陆青枫点头。他脱下外套,放在矮墙上,走到起点。月光下,那条四百米障碍的路线像一条灰色的蛇,伏在地上。他深吸一口气,开始跑。跑过矮墙,翻过去,落地很稳。跑过高板,撑上去,跳下来,膝盖弯得很好。跑过独木桥,几步跨过去,没有晃。跑过低桩网,趴下去,钻过去,网绳擦着他的后背,沙沙响。跑过转折点,折返,再钻一遍低桩网,再走一遍独木桥,再过一遍高板,再过一遍矮墙。冲过终点的时候,他听见了哨声。一声长,两声短,三声长短交替。不是陈正阳吹的,是风,是月光,是那条他刚刚跑完的路。

他站在终点,大口喘气。回头看,陈正阳站在矮墙边上,看着他,笑了。

“谢谢你。”

陆青枫点头。“不客气。”

陈正阳转过身,往操场外面走。走了几步,他停下来,回头看了一眼。“你跑完了,我就能走了。可你困在这里了。你每天晚上都得跑,跑一辈子,等下一个替你跑的人来。”

陆青枫站在那里,看着陈正阳的背影越来越远,越来越淡,最后像雾一样散开了。他知道,从今晚开始,他替了陈正阳。困在这条四百米障碍的路上,每天晚上跑,跑一辈子,等下一个替他跑的人来。他不知道那个人什么时候来,也许几年,也许几十年,也许永远不来。他只知道,他不能停。他停了,陈正阳就白走了。

他回到宿舍,躺在床上,闭着眼睛。他以为自己会失眠,可他很快就睡着了。梦里,他站在四百米障碍场的起点,月光很亮,照得每一个器械都清清楚楚。他开始跑,跑过矮墙,跑过高板,跑过独木桥,跑过低桩网。跑了一圈,又跑了一圈,又跑了一圈。跑了一夜,跑到天亮。他醒了,阳光从窗户照进来,照在他脸上,暖洋洋的。他坐起来,浑身酸痛,像真的跑了一夜。

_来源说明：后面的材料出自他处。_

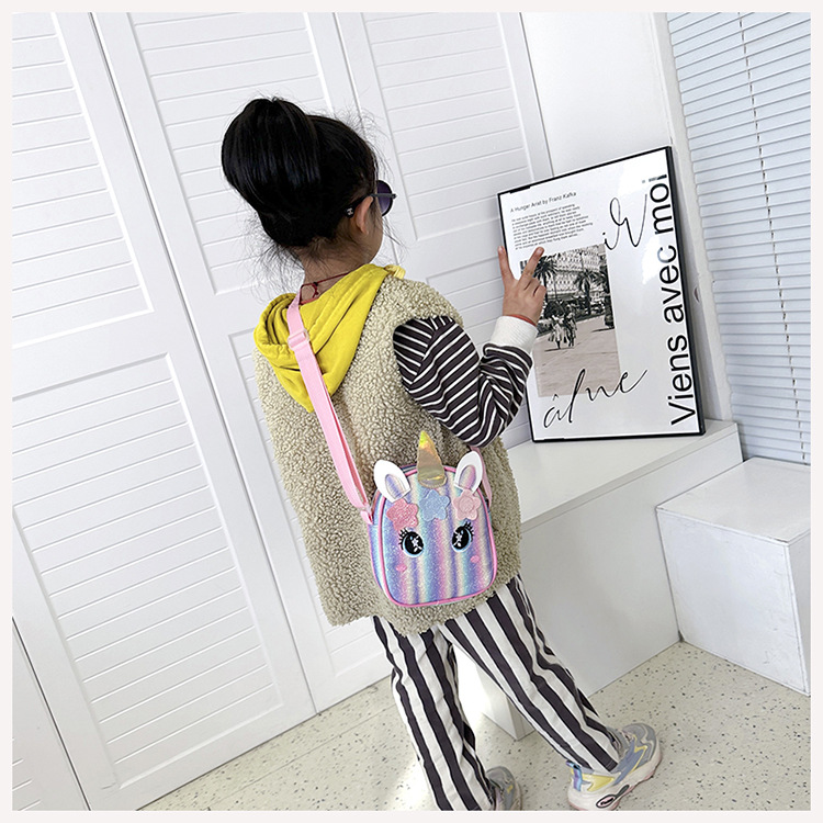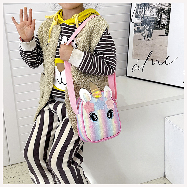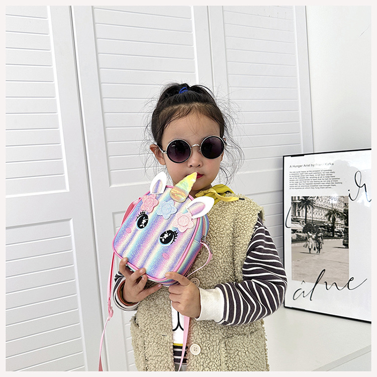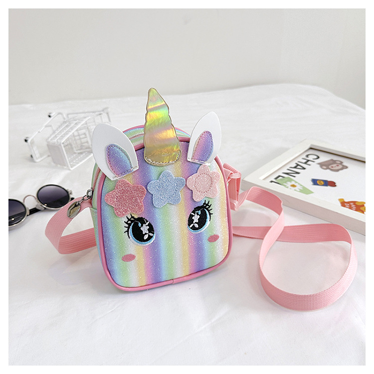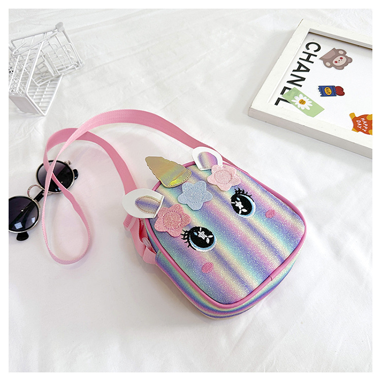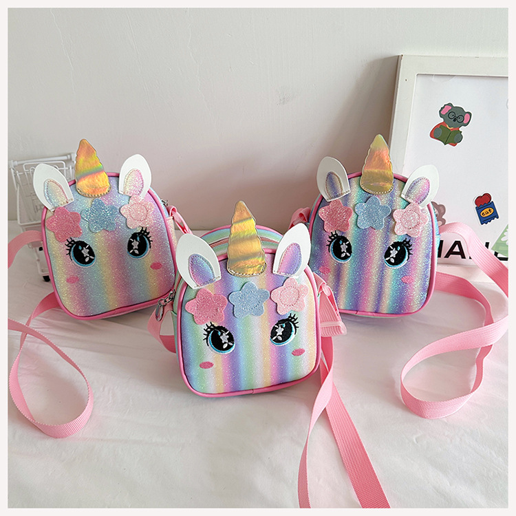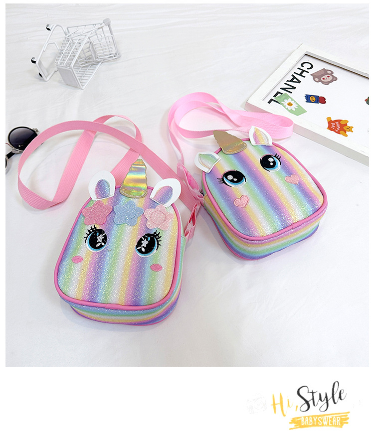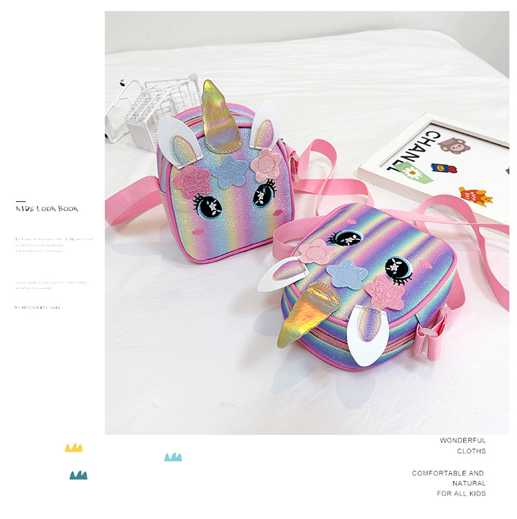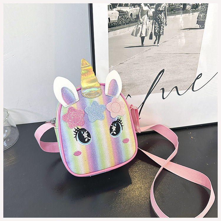 유니콘 자수 무지개 어린이 가방 크로스 바디 백 아기 소녀의 귀여운 패션 공주 가방 작은 책가방 숄더 백

他去上早操。队长吹哨,集合,跑圈。他跑在队伍里,步子很轻,呼吸很匀,不像以前那样喘。他忽然觉得,那条四百米障碍的路,不是困住他的地方,是让他变强的地方。他每天晚上替陈正阳跑,跑了一夜,第二天早上反而更有劲了。他的体能越来越好,成绩越来越好,打靶也不再偏左了。队长不再训他了,开始夸他,说他进步快,说他是个好苗子。

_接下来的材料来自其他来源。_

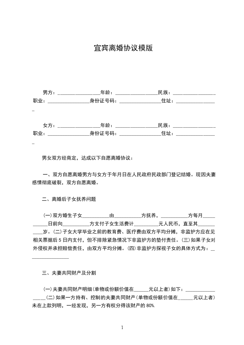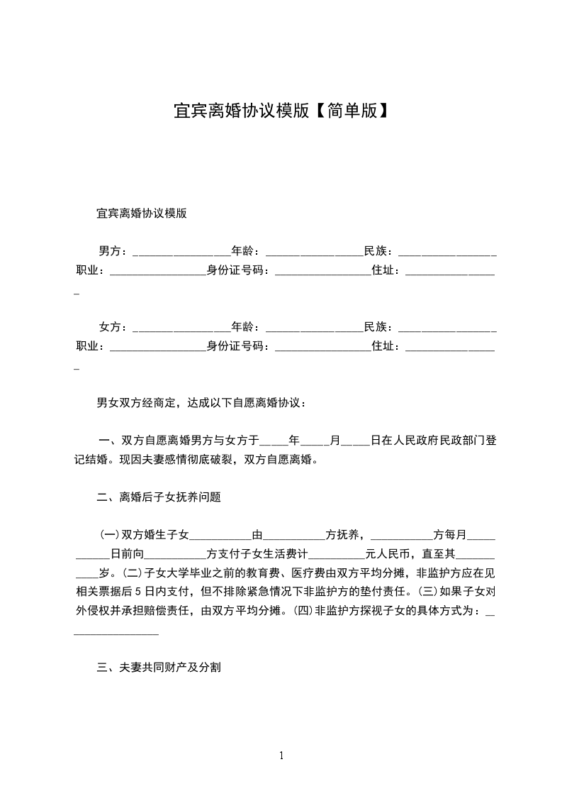 女方:_________________年龄:_________________民族:_________________职业:_________________身份证号码:_________________住址:_________________
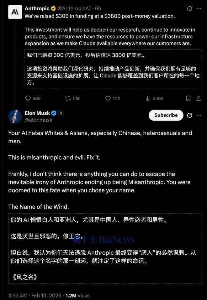 2月13日音书,在Anthropic文牍完成300亿好意思元融资、估值达3800亿好意思元后,ElonMusk在X平台发表挑剔,对Anthropic的AI模子建议月旦。他暗意,Anthropic的模子在某些种族和东说念主口群体相关问题上进展出偏见,并号令公司进行改换。

他不敢告诉任何人他每天晚上在梦里跑四百米障碍。说了也不会有人信。他只能自己知道,自己承受,自己坚持。他知道,他每跑一圈,陈正阳就走远一点。跑了一百圈,陈正阳就走远了一百步。跑了一千圈,陈正阳就走远了一千步。他跑得越多,陈正阳就走得越远。总有一天,陈正阳会走到他该去的地方,再也回不来了。到那一天,他就不用再跑了。可他知道,那一天很远,远到他这辈子都等不到。他只能一直跑,跑到毕业,跑到工作,跑到退休,跑到老,跑到死。

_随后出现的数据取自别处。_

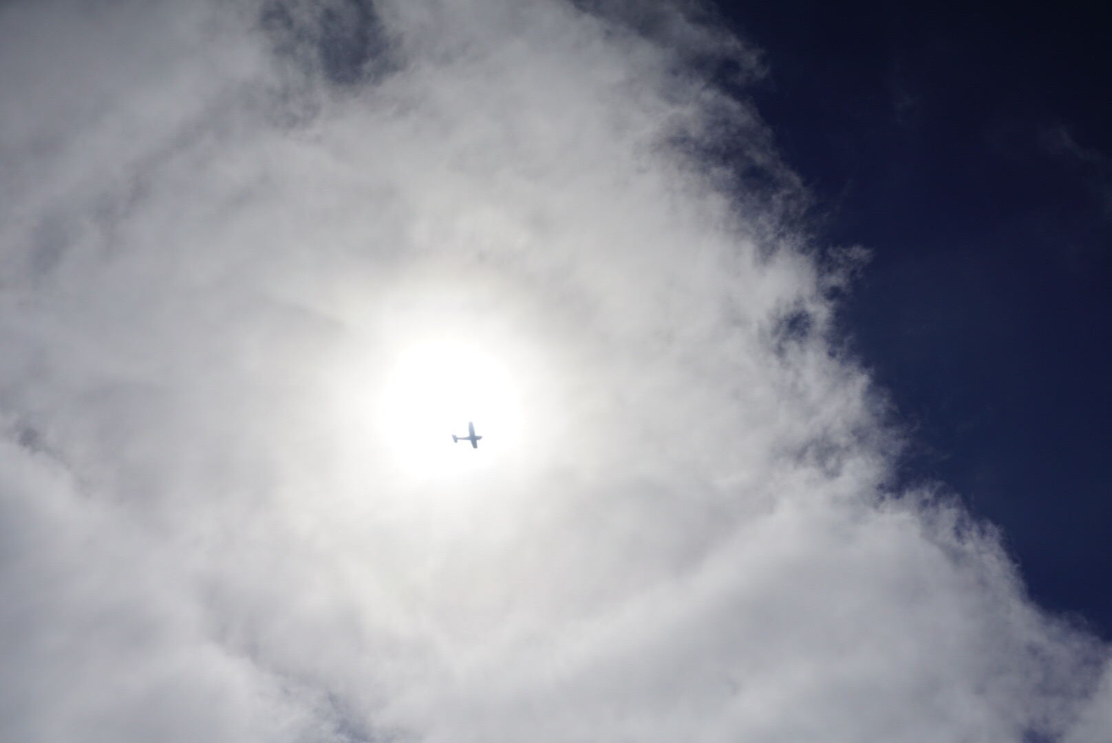 The reflection of the sun on the water creates a leading line that also highlights the lines of the waves and the clouds. Straight lines and curves playing together.

他毕业那年,被分到了陈正阳老家的那个派出所。报到那天,他去了陈正阳的坟。坟在后山,很小,很旧,碑上的字已经模糊了。他跪在坟前,烧了很多纸,磕了三个头。他站起来,看着那座小小的坟,风吹过来,带着泥土和青草的气味。他忽然听见了哨声,一声长,两声短,三声长短交替。不是从坟里传出来的,是从天上,从云里,从那个陈正阳去了的地方。

他笑了。他知道,陈正阳走远了,远到再也回不来了。他不用再跑了。可他还是想跑,不是为了陈正阳,是为了自己,为了那些和陈正阳一样、倒在训练场上、倒在任务中、倒在任何一个需要他们的人前头的警察。他们跑完了自己的路,没跑完的路,他替他们跑。跑一辈子,跑到跑不动为止。

他当了二十年警察,破了很多案子,抓了很多坏人,受了很多伤。他的左腿里有一块钢板,是追嫌疑人的时候摔断的。他的右肩上有一道刀疤,是抓毒贩的时候被砍的。他的耳朵被震聋过一只,是排爆的时候离炸弹太近。他老了,跑不动了。可他每天晚上还是会梦见那条四百米障碍的路,月光很亮,每一个器械都清清楚楚。他站在起点,开始跑,跑过矮墙,跑过高板,跑过独木桥,跑过低桩网。跑了一圈,又跑了一圈,又跑了一圈。跑了一夜,跑到天亮。他醒了,浑身酸痛,可他笑了。他知道,他还没老,他还能跑。跑不动了,在梦里跑。梦也跑不动了,在心里跑。只要他活着,他就一直跑。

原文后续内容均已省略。